Preserving Quality as Lead Time Shrinks
Introduction
Section titled “Introduction”DORA metrics help reveal the point at which a team stops scaling effectively.
Our team typically deploys on a two-week cadence using standard Jira columns. Tickets progress through the statuses, with manual regression testing serving as the final check before the release is packaged. Quality remains high, production stays stable, and risk is managed deliberately.
However, this balance shifts during crunch periods, when lead time expectations collapse from days to minutes—for example, with tickets rushed at the end of a sprint or urgent, customer-impacting defects.
Recently, we shipped twice in a single day: once earlier in the sprint than usual to meet delivery deadlines. In doing so, we skipped a full manual regression pass and introduced a defect into production.
That defect required an emergency fix later the same day. Given timing and time-zone constraints, running a complete manual regression cycle was not feasible. The fix was deployed quickly, again without full regression coverage.
That experience exposed a key constraint that delivery metrics make visible: manual regression testing does not scale with reduced lead time, even when quality expectations remain unchanged.
The Regression Testing Constraint
Section titled “The Regression Testing Constraint”Manual regression testing is not a quality problem—it is a throughput constraint.
When deployments occur every two weeks, manual regression provides strong confidence and works well within sprint boundaries. But as lead time expectations shrink, the cost of waiting for a full regression pass increases disproportionately.
Without automation, the system forces one of two outcomes:
- Reduce the amount of work delivered per sprint to preserve QA capacity
- Bypass regression testing to meet urgent delivery needs
Neither option reflects a failure of QA or engineering discipline. They are predictable consequences of a system operating beyond its designed capacity.
Automated regression testing does not replace QA judgment. It preserves it—by removing repetitive verification work from the critical path and allowing human attention to focus on exploratory testing, risk analysis, and edge cases.
Metrics as a System, Not a Scorecard
Section titled “Metrics as a System, Not a Scorecard”These metrics describe a system of constraints:Deployment Frequency is limited by how often confidence can be established
- Deployment Frequency is limited by how often confidence can be established
- **Lead Time is bounded by the slowest required validation step
- **Change Failure Rate reflects how much risk escapes that validation
- **Mean Time to Restore determines whether that risk is survivable
Manual regression testing improves confidence, but it also increases lead time and caps deployment frequency. Automation shifts confidence earlier in the pipeline, reducing reliance on last-minute manual gates.

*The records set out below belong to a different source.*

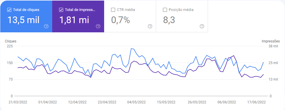 O Google Search Console é outra ferramenta gratuita que pode complementar o Analytics. Com ele você consegue informações sobre posicionamento das suas palavras-chave no Google, número de cliques e impressões que cada página teve, os termos que mais trazem visitantes para o seu site e muito mais.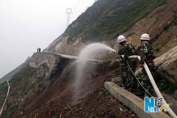 5月30日,消防官兵正在用高壓水槍為垮塌山體排險(xiǎn)。5月29日,四川省阿壩藏族羌族自治州汶川縣一處山體塌方,造成213國道汶川段徹底中斷,并有一條通村半山公路出現(xiàn)約50厘米寬的裂縫,但沒有發(fā)現(xiàn)人員傷亡。這是2008年“汶川特大地震”發(fā)生后,這條有著“震中生命線”之稱的國道第三次因山體大塌方中斷。新華社發(fā)(汶宣攝)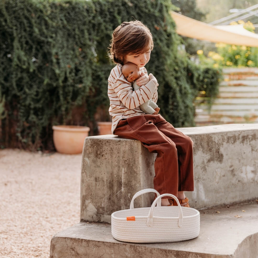 A child playing with a Miniland doll next to the cotton basket doll carrier.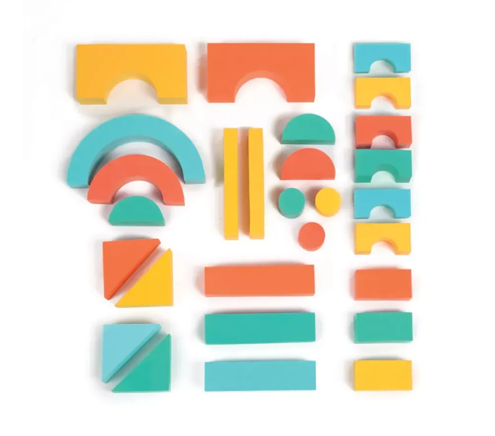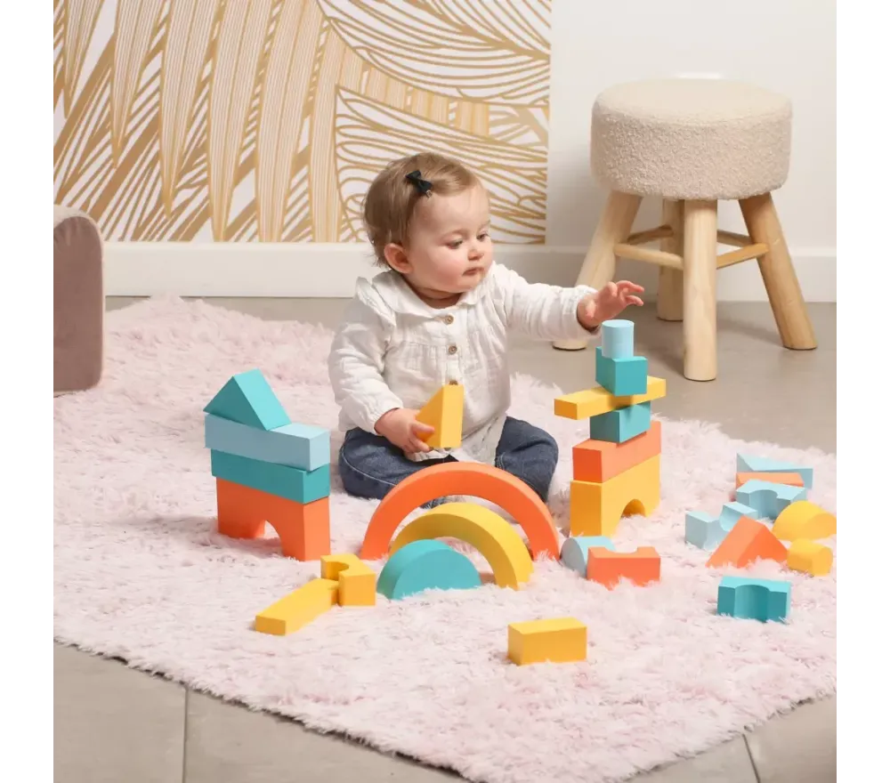 Un set da 28 blocchi in morbido e leggero foam (gommpiuma) che stimoleranno la fantasia e la coordinazione occhio-mano nei più piccoli.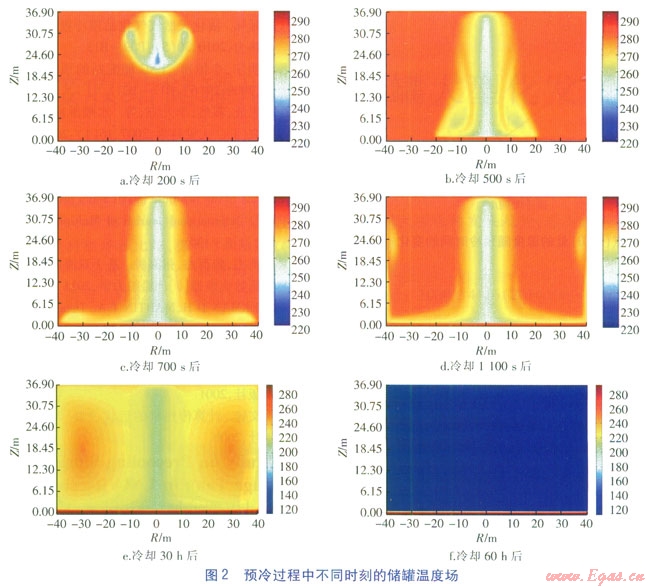 計算儲罐溫度場隨著時間的變化,儲罐溫度降至-150℃左右計算終止。預(yù)冷過程中不同時刻的儲罐溫度場見圖2,圖2中溫度單位均為K。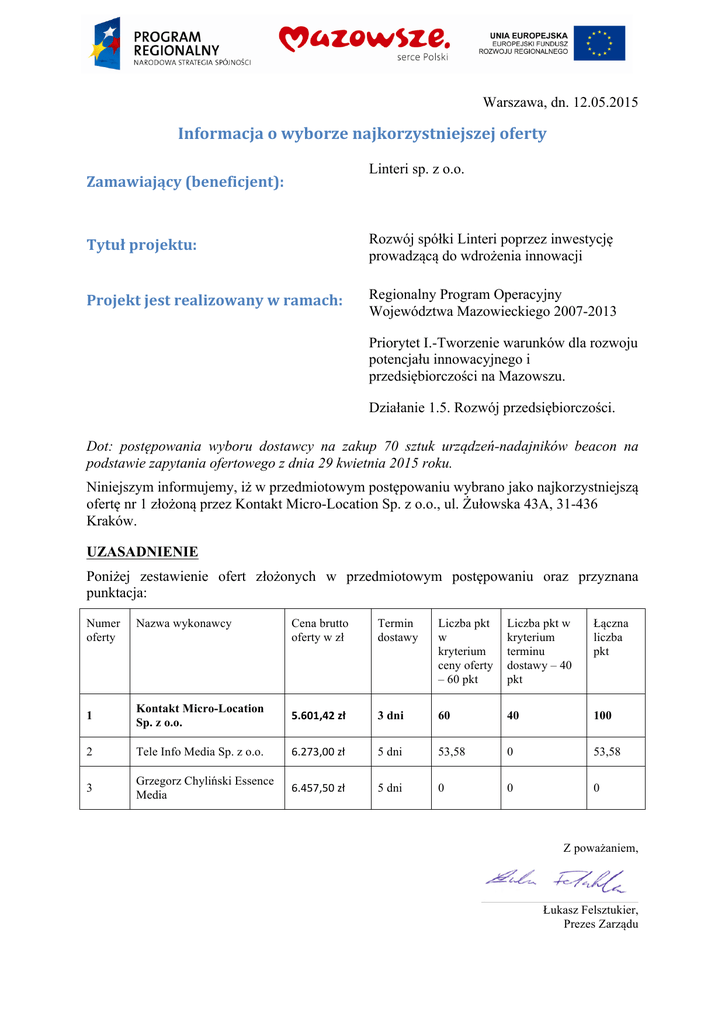 Warszawa, dn. 12.05.2015 Informacja o wyborze najkorzystniejszej oferty Linteri sp. z o.o. Zamawiający (beneficjent): Tytuł projektu: Rozwój spółki Linteri poprzez inwestycję prowadzącą do wdrożenia innowacji Projekt jest realizowany w ramach: Regionalny Program Operacyjny Województwa Mazowieckiego 2007-2013 Priorytet I.-Tworzenie warunków dla rozwoju potencjału innowacyjnego i przedsiębiorczości na Mazowszu. Działanie 1.5. Rozwój przedsiębiorczości. Dot: postępowania wyboru dostawcy na zakup 70 sztuk urządzeń-nadajników beacon na podstawie zapytania ofertowego z dnia 29 kwietnia 2015 roku. Niniejszym informujemy, iż w przedmiotowym postępowaniu wybrano jako najkorzystniejszą ofertę nr 1 złożoną przez Kontakt Micro-Location Sp. z o.o., ul. Żułowska 43A, 31-436 Kraków. UZASADNIENIE Poniżej zestawienie ofert złożonych w przedmiotowym postępowaniu oraz przyznana punktacja: Numer oferty Nazwa wykonawcy Cena brutto oferty w zł Termin dostawy Liczba pkt w kryterium ceny oferty – 60 pkt Liczba pkt w kryterium terminu dostawy – 40 pkt Łączna liczba pkt 1 Kontakt Micro-Location Sp. z o.o. 5.601,42 zł 3 dni 60 40 100 2 Tele Info Media Sp. z o.o. 6.273,00 zł 5 dni 53,58 0 53,58 3 Grzegorz Chyliński Essence Media 6.457,50 zł 5 dni 0 0 0 Z poważaniem, Łukasz Felsztukier, Prezes Zarządu

Without automation, improving one metric inevitably degrades another. With automation, those tensions soften—not because failures disappear, but because recovery becomes predictable and safe.
What This Means for Us
Section titled “What This Means for Us”This is not an argument for moving faster at the expense of quality, nor is it a critique of manual QA practices. It is an acknowledgment that our delivery system is being asked to operate at speeds it was not originally designed for.
If we want to maintain quality while reducing lead time—especially during incidents—we must shift confidence earlier in the pipeline through automated regression testing.
Metrics give us a shared language to discuss these tradeoffs without assigning blame. They help us see where the system bends, where it breaks, and where investment creates resilience rather than heroics.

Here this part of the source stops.